Ferociously fast and thrillingly direct: how Mayank went bang, bang ...
There are many ways of knowing that a bowler is seriously quick. There's the cold, hard evidence of the speed gun. There's the effect all that pace has on the batter, which can manifest itself as feet moving too little or too much, hands going out of control, and a general sense of being ill at ease.
"Number one, he hardly spends any time on his back foot," Aaron said on Timeout, ESPNcricinfo's post-game show. "Really quick through [the crease], though he's a side-on bowler. Generally, side-on bowlers spend a lot of time on the back foot. He's just - ball of the foot, and out of there.
"He uses his levers really well, similar to Jofra [Archer]. He's not a similar bowler to Jofra Archer, but just the way his load comes down, uses his levers really well. Beautiful braced front leg. His [front] foot doesn't even splay, even this much (gestures with thumb and forefinger less than an inch apart) - it's straight on to the batsman. Unbelievable follow-through. What else do you want?"

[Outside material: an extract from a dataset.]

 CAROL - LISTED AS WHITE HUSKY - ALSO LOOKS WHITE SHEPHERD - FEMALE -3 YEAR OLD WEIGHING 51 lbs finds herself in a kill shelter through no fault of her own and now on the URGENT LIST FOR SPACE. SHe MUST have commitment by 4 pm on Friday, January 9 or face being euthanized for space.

What else? Well, just more of the same, please. A lot more, all the time.
Except, every cricket fan knows that express pace is a rare commodity in more than one way. Like Aaron, like Akhtar, like Archer, and the vast majority of tearaway quicks through history, Mayank too has experienced long spells out of the game with injury, and he's still only 21. Lucknow Super Giants signed him at the 2022 IPL auction, but this was his first game for them. It was only his 11th T20 game overall, and he's only played one first-class match and 17 List A games in a senior career that began in December 2021.
Such can be the life of a genuine fast bowler. A life of long and seemingly interminable waits.

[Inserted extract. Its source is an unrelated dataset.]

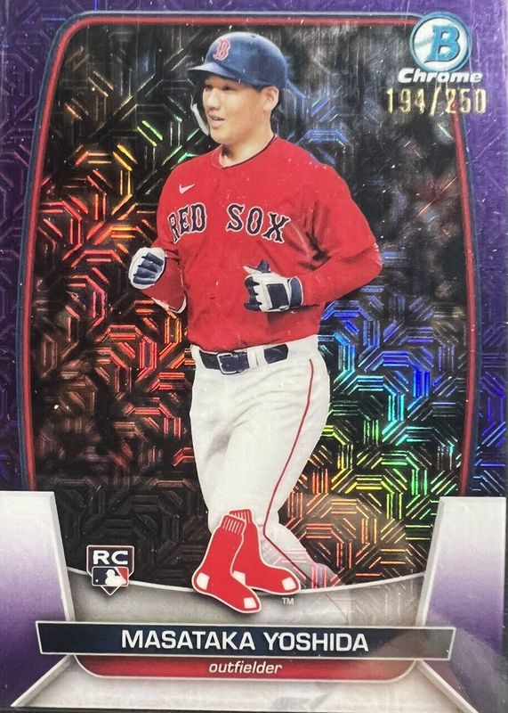 Masataka Yoshida 2023 Bowman Mega Box #58 Chrome - Purple Mojo Refractor /250 Rookie RAW Price Guide

Sunday, though, was one of those belated appearances that was fully worth the wait. A debut of extreme, game-changing pace. Before his introduction, Punjab Kings were bossing a chase of 200. By the time his four overs were done, Kings were done too.

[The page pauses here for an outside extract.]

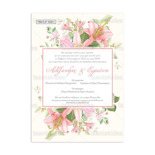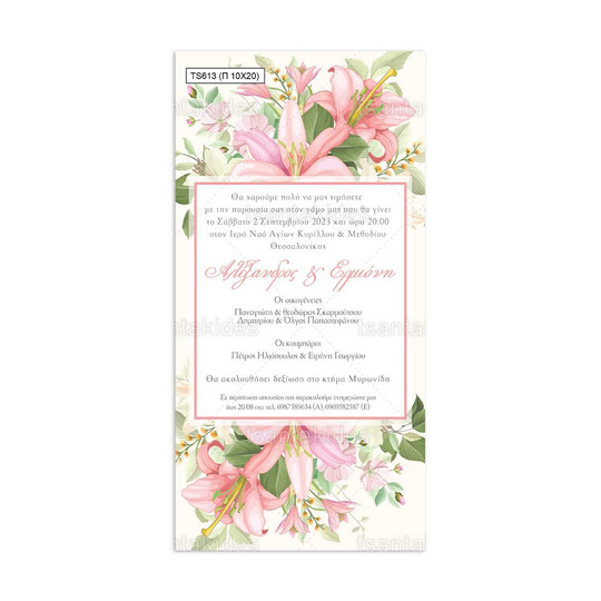 Προσκλητήριο γάμου παπυράκι εκτυπωμένο με θέμα floral σύνθεση από ροζ λίλιουμ

Mayank Yadav picked up three wickets for LSG on his debut•BCCI
Simple, and thrillingly direct. He took three wickets, and all three - of Jonny Bairstow, Prabhsimran Singh and Jitesh Sharma - were roughly the same. On each occasion, the batter looked to make room and use Mayank's pace to access the shorter boundary on the off side. Each time, Mayank used his pace, inward angle and awkward bounce expertly to force them to go leg-side instead, while both hurrying them and cramping them for room.
Bang, bang, bang. These weren't the classic cricketing dismissals of bowled, lbw and catches off the outside edge, but they were proper T20 wickets, a bowler forcing errors through skill, accuracy and scoreboard pressure. And at the speeds, Mayank was bowling at - he clocked the fastest ball of IPL 2024, at 155.8kph, during the course of his spell - the accuracy was especially noteworthy.
"Unbelievable follow-through. What else do you want?"
Varun Aaron on Mayank Yadav
"His lines were really, really good," Aaron said. "Sometimes when you're maxing out and you're trying to bowl as fast as possible, you can be a little extra on the off side or stray down the leg side. Not one ball [was off line]. I think it's really good signs - not just for him, for Indian cricket, because he's bowling some serious gas."
"Same pace, same excitement initially, upfront," Moody said. "My initial take on Mayank versus Umran is that there's a better action and repeatable action with what we've seen tonight, in Mayank. He's still 21, so it's really important that he's managed carefully, physically, because that's a real red zone for fast bowlers, between the age of 18 to 25. I'm sure that the experts will have their arms around him, protecting him, and making sure that they get him strong in the right areas.
"Umran, a lot more going on at the crease with regards to his action, so therefore the control isn't there but the pace is there. So what Umran needs to work on is that control at the crease, making his action cleaner, and what we've seen tonight is another step ahead. And that's just come naturally. He's been gifted with that, and he's just started to bowl. It's very hard to get someone that hasn't got a braced front leg to suddenly learn how to brace their front leg as a fast bowler. You've either got it or you haven't got it. It's very hard to develop it."
You either have it or you don't. Mayank has it, and we're all strapped in for the ride, dreaming and hoping.